After them at Ashe comes a battle of the highest order. No one without a Grand Slam title has come closer to winning it than Alexander Zverev, who took Carlos Alcaraz the distance in the French Open final after losing a two-set lead to Dominic Thiem in the 2020 final of that competition. With Alcaraz and Novak Djokovic gone, he will feel his moment again – more acutely than ever – and will be given a serve and backhand that are two of the best strokes in the game, and for good reason.

But there’s always a but – in this case Taylor Fritz, on the German’s rise and conqueror at Wimbledon. His serve and forehand have always been mean and still are, but what has changed recently is the belief that he can beat the best on the biggest occasions. He has the game to give Zverev a lot.

If that were all it would be, but there is also a history of needles.

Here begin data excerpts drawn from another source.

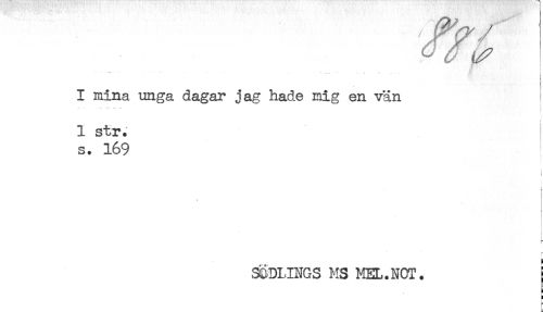 //// * * . . . - . . - . . ^ , //// I mina unga dagar jag hade mig en vän //// 1 str. //// s. 169 //// ! //// r //// f //// . //// t //// f //// r //// ÄDLINGS MS MEL.NOT. j //// [ //// t- ////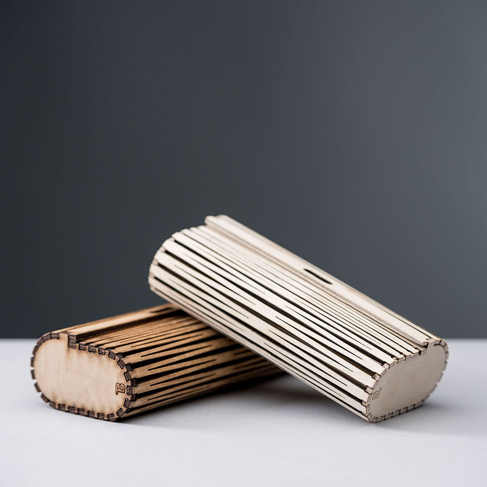 Glasses case made of wood, manufactured by the laser cutter. The fine incisions make the wood bendable.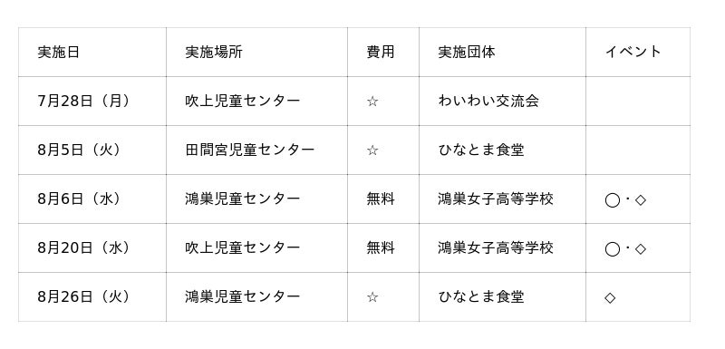 鴻巣市の「出張こども食堂」(https://www.city.kounosu.saitama.jp/page/33847.html#event )は、給食がない夏休み期間中に、お子さんたちの「お昼ご飯を1人で食べている」「食べるものがない」などの不安を取り除くことを目的に実施される取り組みです。鴻巣市内の児童センターを会場に、埼玉県立鴻巣女子高等学校や、市内こども食堂運営団体により実施されます。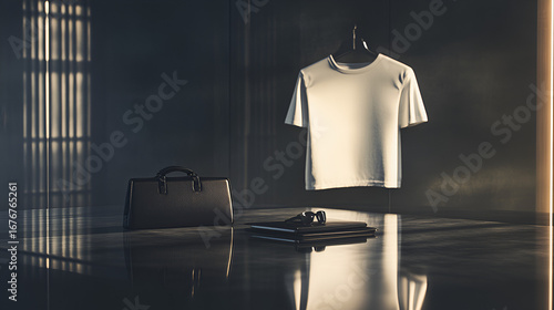 Obraz premium Minimalist Office Workspace with White T Shirt and Business Accessories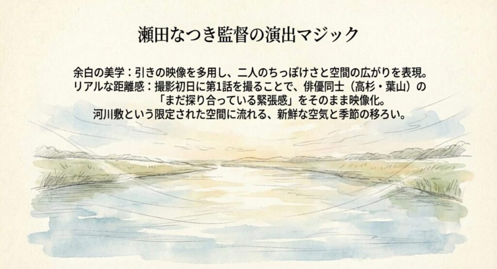 このドラマの最大の特徴は、「ほぼ河川敷だけで物語が進む」という点です。普通なら絵面が変わらず飽きてしまいそうな設定ですが、メイン監督を務めた瀬田なつきさんの手腕が光ります。瀬田監督は、映画『PARKS パークス』などで見せた瑞々しい映像感覚を、この限定された空間にも持ち込んでいます。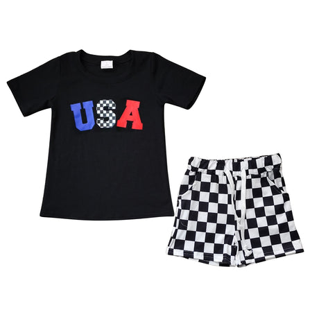 From $1350Unit price /UnavailableShort sleeves USA top plaid shorts boys clothing set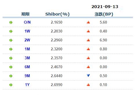 9月13日中国银行间同业拆借利率人民币: 隔夜报2.16500%, 1周期报2.20300%, 1月期报2.32000%, 12月期报2.69900%。 中国银行同业拆放利率(ChiaItrakOffrdRat,简称CHIOR)。同业拆借利率指金融机构同业之间的短期资金借贷利率。它有两个利率,拆进利率表示金融机构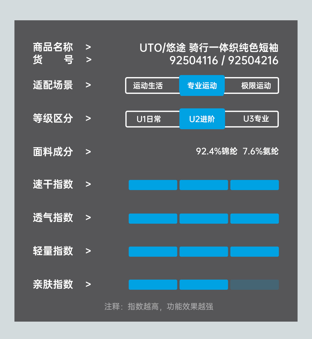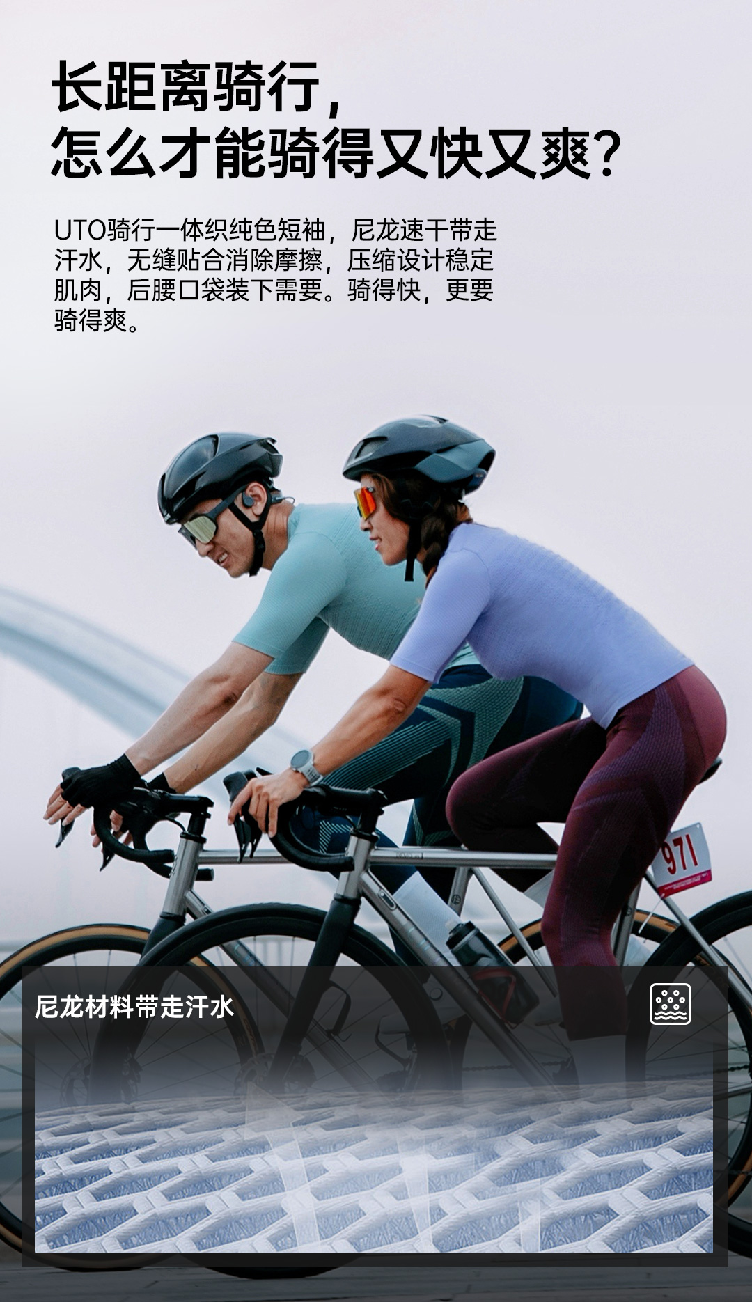 UTO悠途潜心于贴身运动装备的研发、设计和生产。从纤维到组织,从设计到工艺,在无缝贴身运动装备领域,树立国内标杆。 UTO着力于品牌互联网化,不断采集大量运动数据,为跑步、健身、滑雪等不同类型的运动爱

While the two players get along well, Zverev struggled at Wimbledon with the support Fritz received from his box, while Instagram posts from Fritz’s girlfriend Morgan Riddle – later deleted – appeared to allude to allegations of domestic abuse against Zverev by two former partners – which Riddle later said were not the case.

We’ll see if there’s any animosity, but either way, we’re ready for what should be a brilliant day of (US Open) tennis. Awesome! Let’s go!